Tuesday, June 09, 2015

Antarctica: A Year on Ice

“Antarctica: A Year on Ice” doesn’t quite contain the hymnal transcendence of Werner Herzog’s “Encounters at the End of the World” but then, you know, it wasn’t directed by Werner Herzog, an eccentric genius who’s always going into every documentary on the prowl for some sort of portal into another spiritual dimension that the laymen may or not be able to see through too. “Antarctica: A Year on Ice”, on the other hand, was directed by Anthony Powell, a genial New Zealander with an accent less portentous than ingratiating. In fact, his film has close to a replica of Herzog’s sequence involving the infamous lone penguin marching off to certain doom, shown here instead with a single seal, faraway from sea. And rather than freezing your soul with existential dread, Powell thoughtfully offers you a metaphorical blanket. It may be the coldest place on Earth, but this film wants to warm you up to Antarctica.

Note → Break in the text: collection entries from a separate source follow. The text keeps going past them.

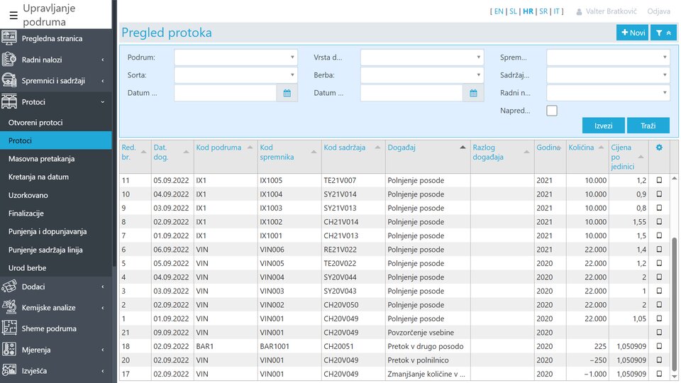 Protocima sadržaja se bilježe sva kretanja sadržaja među spremnicima u vinariji, poput punjenja, dopunjavanja, pretakanja, pražnjenja, izlaska iz podruma itd. U slučaju povezivanja s knjigovodstvenom aplikacijom za svaki događaj izradit će se odgovarajući ulazni i izlazni registar.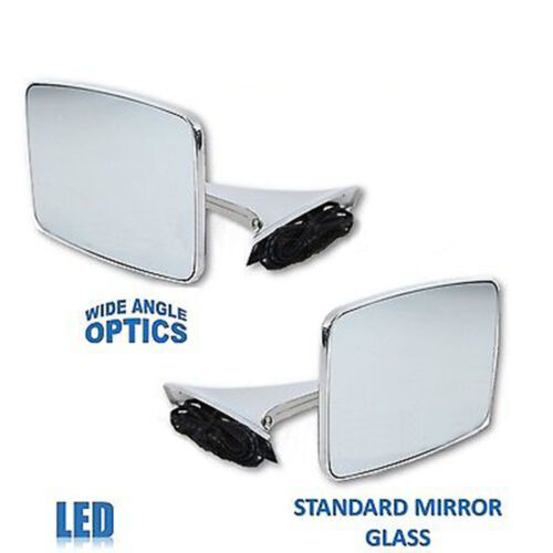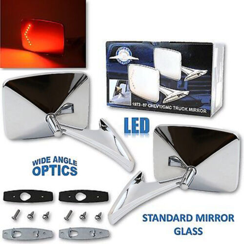 73-91 GMC Truck Chrome Square LED Turn Signal Convex Rear View Door Mirrors Pair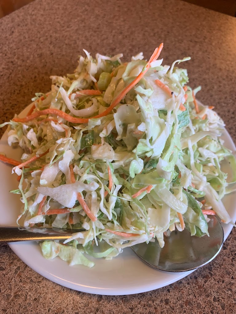 I know this is a fish and chip joint but all ive had here so far is take out coleslaw. Its the best!! Use it with brisket, on a pulled pork sandwich. It goes with so much more than just fish.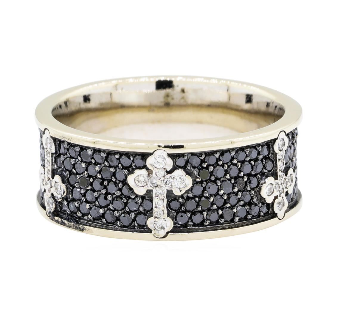 One electronically tested 14KT white gold man's cast fashion band with a bright polish finish. The featured man's ring has a shank measuring 9.20 millimeters wide. Identified with markings of '14K'. Condition is like new, good workmanship. Containing: Twenty-Four prong set round brilliant cut diamonds, measuring 1.30 - 1.25 x 0.79mm (depth est.) approximate total weight of 24 Stones = 0.19ct. Graded in the setting. Color H - I Clarity SI-2 to I-1 Cut Good Thirty-Six prong set round brilliant cut diamonds, measuring 1.00 - 0.95 x 0.61mm (depth est.) approximate total weight of 36 Stones = 0.13ct. Graded in the setting. Color H - I Clarity SI-2 to I-1 Cut Good One Hundred Eighty-Six prong set round brilliant cut diamonds, measuring 1.50 - 1.45 x 0.93mm (depth est.) approximate total weight of 186 Stones = 2.30ct. Graded in the setting. Color Fancy Black Cut Good. Total Weight of Diamonds 2.62ct.. Total Weight of Band 10.60gm. GAS Appraised.

Powell is a semi-permanent resident of Earth’s southernmost continent, where the temperatures plunge amidst spectacular scenery. That scenery is very much front and center, as it always is in films centered around these remote five million square miles, but is ultimately less crucial to the story Powell is telling than the people in the story. He is someone who has not only summered in Antarctica – from October to February – but has wintered there – from February to October – a much less welcoming time when the sun slips below the horizon for months and severe winds howl. He reckons, however, that to truly see this place, to acquire a full understanding of it, you have to see it over the course of one year, and his own Year(s) on Ice become a testament to the people who have chosen to experience those 365 days with him.


Leaning strongly on talking heads and voiceovers of people in the midst of their daily routines, we are introduced to a gaggle of men and women who, according to one, came to Antarctica to refreshingly find themselves for the first time in their respective lives as the “majority” rather than the “minority”. We learn little of the lives they lead on their respective home continents or specifically what brought them here, and yet that comes across right, innately evoking the sensation of people who are all in on their present situation, who are here because they want to be here.

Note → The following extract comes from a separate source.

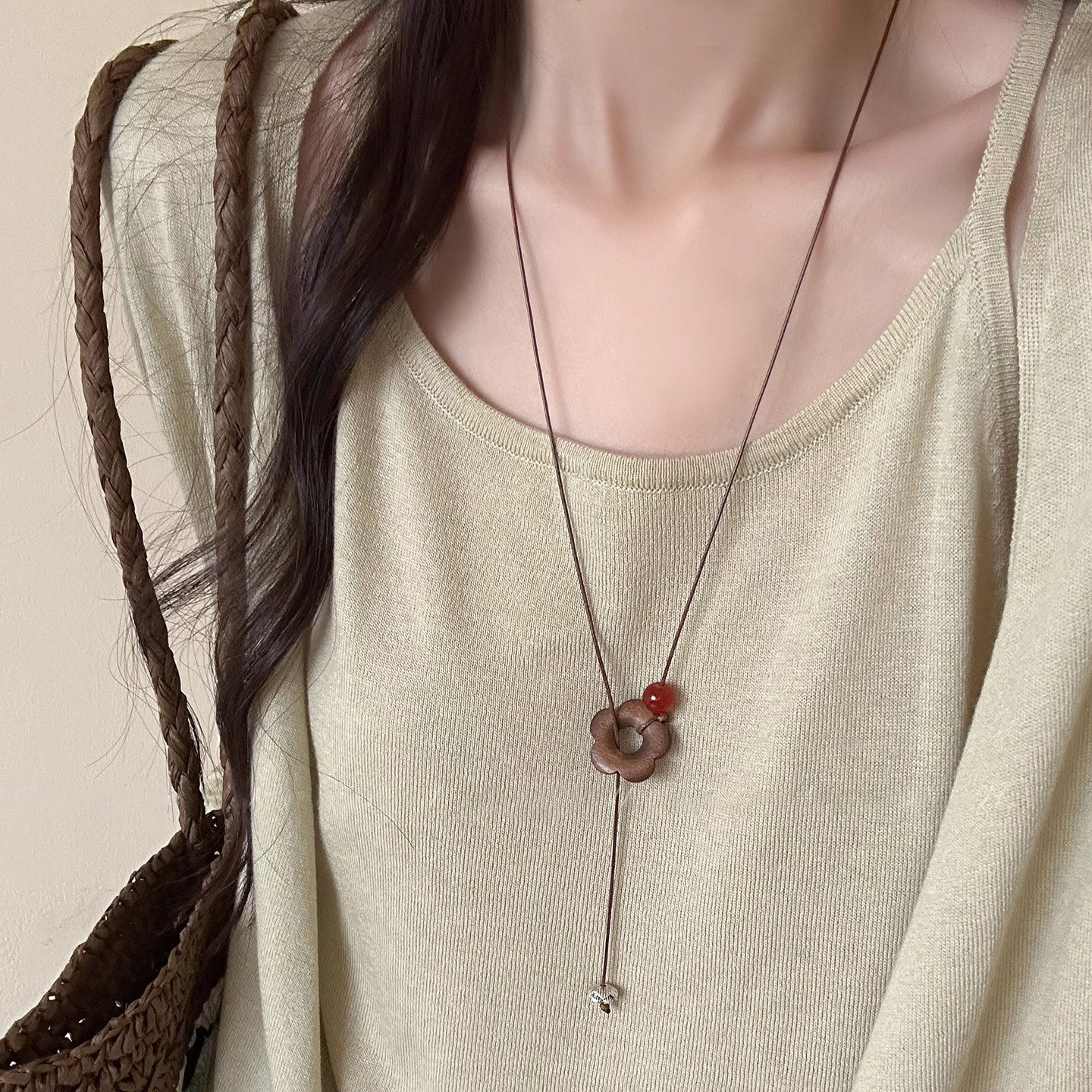 现货橡果森系植物干果毛衣链长款风配饰男女手工编织棉麻服饰项链

Life in Antarctica, it is made plain, is not all jaw-dropping hikes and mystical encounters with haunting southern lights. We’re here to work, is a variation on a familiar refrain cited by many of Powell’s interviewees, and, sure enough, we see them hard at work on mundane tasks, many of which appear no different than anywhere else in the world. A woman mans a desk beneath fluorescent lights. Another woman runs an Antarctic variation of the corner bodega. There are firefighters and mechanics and administrators. It’s like, say, Rosemont, IL, just a lot closer to the south pole. It’s not all penguins and snowscapes, emphasized to the point where you almost wonder if they are discouraging you to come.

Yet discouragement is not the point. Though it makes clear that life on the continent’s base camps cum towns can be horse latitudes of tedium, it never lingers in these potentially dark haunts. At times you almost wish it would linger. In the wintry months when the landscape is swathed in midnight twenty-four hours a day and delirium sets in, people recount their problems with a retrospective wistfulness, yet you can’t help but wonder if in the moment it amounts to something more......distressing. Powell simply won’t go there.

“Antarctica: A Year on Ice” is about the people but it’s also about the place affecting the people, and affecting them primarily for the best. It shapes them. There is some appendaged talk at the end reverting to ecological matters about how all this natural beauty will all be gone if we’re not careful, and so forth, which is not a wrong message, of course, but doesn’t feel quite convincing in this context. This isn’t a film about Antarctica just as “The Wizard of Oz” isn’t as much a film about Oz as it is about Kansas. It’s about being home.